What is Bordism good for?
Solution 1:
Let me answer your question with another question:
What is any invariant (e.g. homology?) good for?
I really like bordism, because to me it is a very geometric invariant and I have intuition for it. Singular cycles are very hard to visualize in general.
Have you ever drawn explicit cycles representing homology classes in surfaces? I encourage you to do this for $H_1(\Sigma_g;\mathbb Z)$. Also show that the "waist" of a genus two surface is null-homologues.
Then you might find that any class can be represented by some union of triangulated circles: i.e. any class lies in the image of $T_X$: The cycles are represented by $1$ dimensional manifolds. This is so much nicer than any singular cycle. In fact the earliest attempts to define homology were actually defining bordisms!
A natural question is then if this is always possible: Can any singular cycle be represented by a singular manifold (i.e. a map from a manifold to your space)? This is Steenrod's problem. The answer is no for $H_*(X;\mathbb Z)$, but it is true for $H_*(X;\mathbb{Z}_2)$, where you need to use unoriented bordism to define the map. This was proven by Thom.

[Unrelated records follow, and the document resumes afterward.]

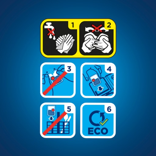 Kapsułka, w rozpuszczalnej folii, łatwa w użyciu, usuwa wszystkie rodzaje pozostałości jedzenia. Za każdym razem, od pierwszego użycia
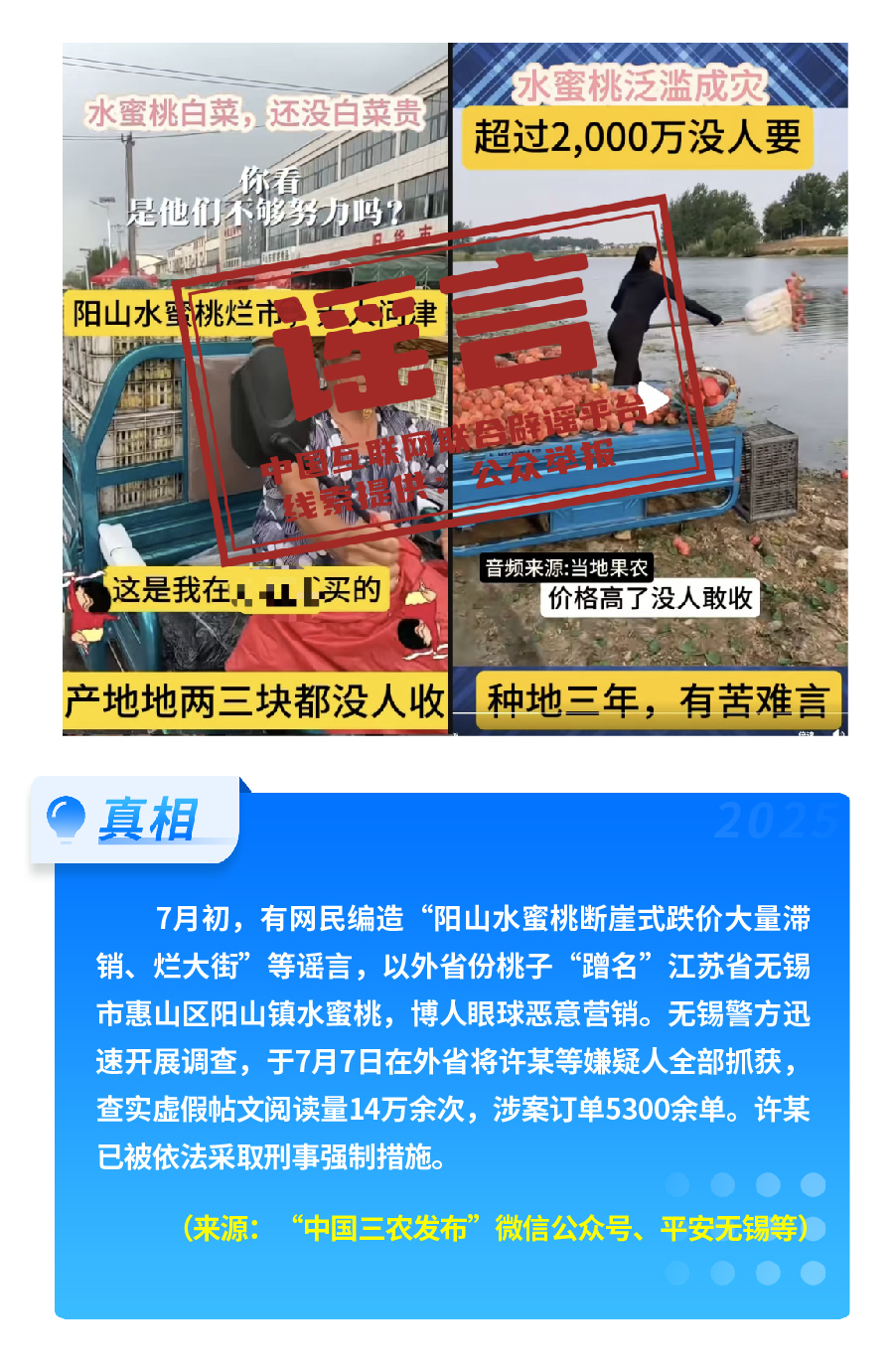 此外,7月份正值暑期旅游旺季和水果等農(nóng)產(chǎn)品收獲季,有自媒體、商家借機(jī)編造傳播涉文旅及農(nóng)產(chǎn)類謠言,干擾市場(chǎng)秩序,侵害消費(fèi)者權(quán)益。有商家違規(guī)使用人民大會(huì)堂建筑圖片標(biāo)識(shí)和名稱,仿冒人民大會(huì)堂賬號(hào),非法售賣、倒賣參觀門票,損害游客權(quán)益。個(gè)別商家剪輯發(fā)布“江蘇無(wú)錫陽(yáng)山水蜜桃斷崖式跌價(jià)、大量滯銷、爛大街”謠言視頻,再借機(jī)兜售假冒的陽(yáng)山水蜜桃,博人眼球惡意營(yíng)銷,擾亂市場(chǎng)秩序。所謂“峨眉山人猴大戰(zhàn),游客墜崖,猴王被當(dāng)場(chǎng)擊斃”景區(qū)安全事件一度傳得沸沸揚(yáng)揚(yáng),相關(guān)視頻以驚悚情節(jié)博取關(guān)注,畫面實(shí)際是用AI合成拼接制作。
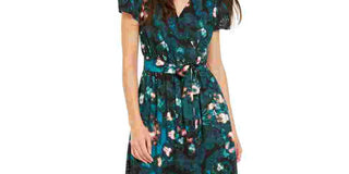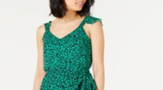 Vestido feminino com babados e estampa animal da INC International Concepts, estampa de leopardo esmeralda, verde, tamanho 18
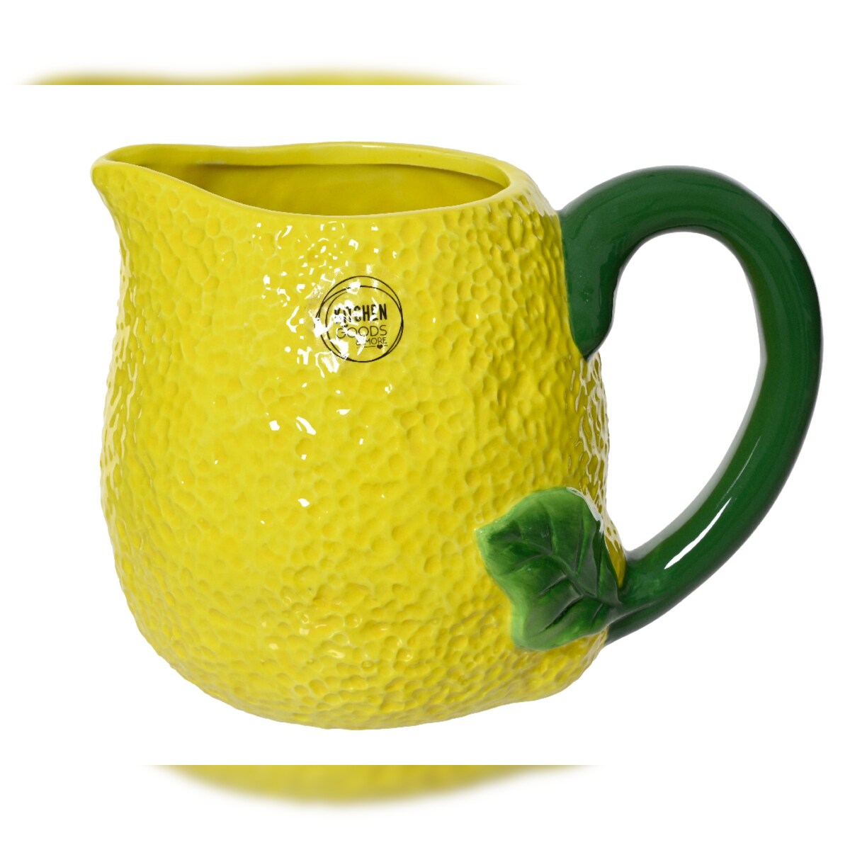 Decoris Kanne 15cm Keramik in Zitronen Form - Karaffe Krug Trinkgeschirr Servierkanne Wasserkanne Saftkanne Limonadenkrug Dekokrug Früchte Geschirr Gelb Grün
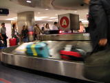 到着荷物受け取りターンテーブルで預け入れ荷物を取り出したところ
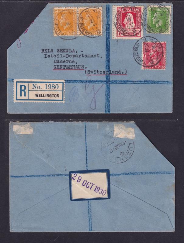 1930 reg'd cover to Switzerland (corner clipped off), typed address (to stamp dealer Bela Sekula). Franked 1930 1d + 1d Health (corner tear), ½d, 1d & 2 x 2d GV, canc 5 strikes of Wellington / Registered cds 29 OC 30 (1st day of Health stamp). Health FDC cat $850.
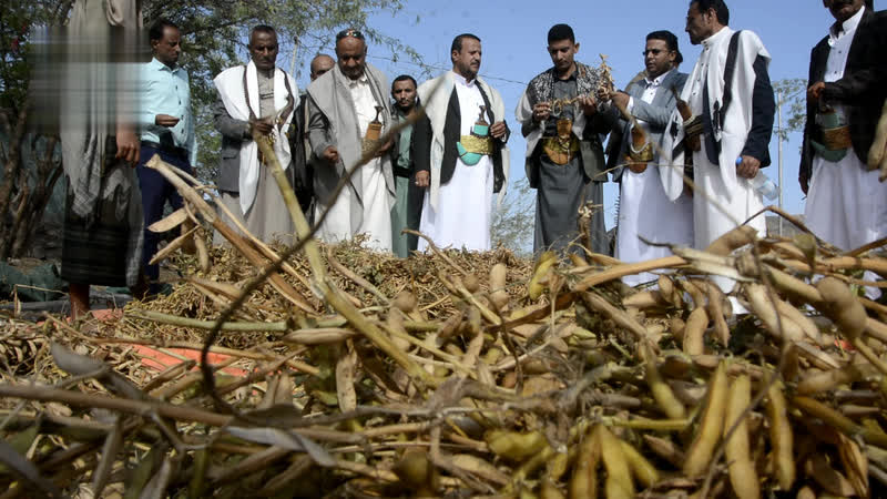 الشمسي يدشّن حصاد فول الصويا والقمح في مقبنة بتعز
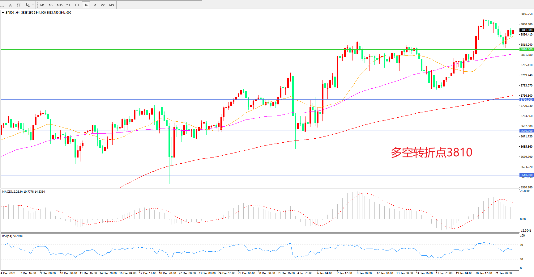 4小时图看,标普500长阳拉升后小幅回落,上行趋势暂缓,3810成为下方支撑,短期均线拐头向上,MACD红柱增加,RSI指标走平,日内延续震荡概率较大。

But Thom did so much more. While the homology of a point is simple: $H_*(\mathrm{pt};\mathbb{Z}_2)=\mathbb Z_2$, the unoriented bordism group $\mathcal{N}_*(\mathrm{pt})$ is much more complicated: There are many manifolds which are not the boundary of a higher dimensional manifold. An example is $\mathbb{RP}^2$, but I do not want to prove this here. Anyway: Thom managed to completely compute the unoriented cobordism ring, by showing that it is equal to a certain homotopy group. His techniques can also be extended to compute many other cobordism rings. I find this one of the most beautiful stories in mathematics.
Finally I want to remark that cobordism groups naturally pop up in other problems. Here is a baby example: Take a smooth map $f:M\rightarrow N$ between finite closed manifolds. Sard's theorem says that there are always many regular values. The preimage $X=f^{-1}(x)$ is then a closed submanifold of $M$. While this submanifold $X$ depends on the regular value chosen, it's cobordism class does not. And it also does not depend on the homotopy class of $f$. So there is a natural map $$ [M,N]\rightarrow \mathcal{N}_*(M) $$ by taking the preimage of a regular value. To use this invariant, you better be able to compute (part of) the right hand side. Since the work of Thom, we understand how this relates to the homology of $M$. You can take this idea much further.